Don't count on the police. I had my 74 Opel GT 1900 broken into and they got the stereo. Then vandalized the interior pretty bad. I guess they were expecting more and were frustrated there just wasn't anything else. I got it so my wife & I had something to drive while I rebuilt here 74 Super Beetle Convertible. Anyway, I only had No-Fault on it. The cops finally show up and take the report, but the cop says they know who is doing all the break-ins in the area. I say, "Great! Let's go get my stuff back!" He calmly says, "I'm just here to file a report so you will have something to give to your insurance agent". I tell him, "I just have No-Fault" He looks at me and slams his book shut and tells me, "WHY ARE YOU WASTING MY TIME THEN!" and storms off.
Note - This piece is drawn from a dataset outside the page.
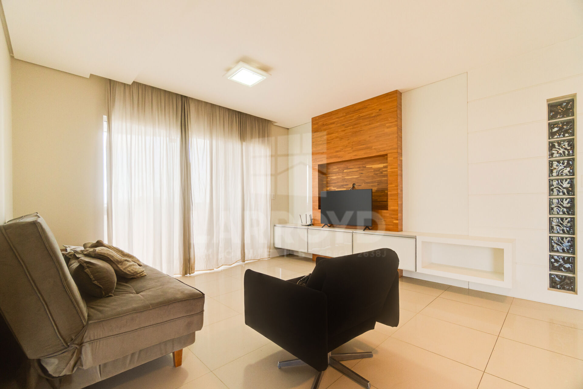 No bairro Vila Moema, este apartamento semimobiliado no Residencial Monte Olimpo entrega uma sala já pronta para o dia a dia, com painel amadeirado para TV e cortinas do piso ao teto, deixando a luz bem controlada e o ambiente organizado.

Needless to say the little bastards stole everything from every vehicle within a few miles, then started breaking into homes. They made a bad choice when they picked my elderly neighbor's house. The neighborhood was awakened by screaming and yelling. It sounded like someone was getting murdered! The little punks couldn't get the chain lock off the door, so my neighbor started hitting the bastard's hand with an old cast iron skillet. She got several good whacks in, but the bastard wouldn't stop. So she went to her Butcher Block, where she keeps all her knives, picks out a big, sharp one and stabs the bastards hand and pins it to the wall. Blood is all over the place, but he hears the sirens coming and pulls his hand away from the knife, slicing his hand in half. It was great! We chased him down, which was easy due to all the blood loss. The cops call an ambulance and they take him away. The cops start mentioning possible charges against my neighbor and we all go absolutely bonkers on them. In short, we just reminded them that if they had been doing their job, and picked these bastards up months ago, we wouldn't be going through this right now...WOULD WE!
The cops left and we all ended up doing shots until the sun came up. Then we barbecued some pig and drank beers for the rest of the day. Hope your ordeal has a happy, and not as twisted, ending as mine.
P.S. My elderly neighbor was quite the drinker. She must have had a hollow leg!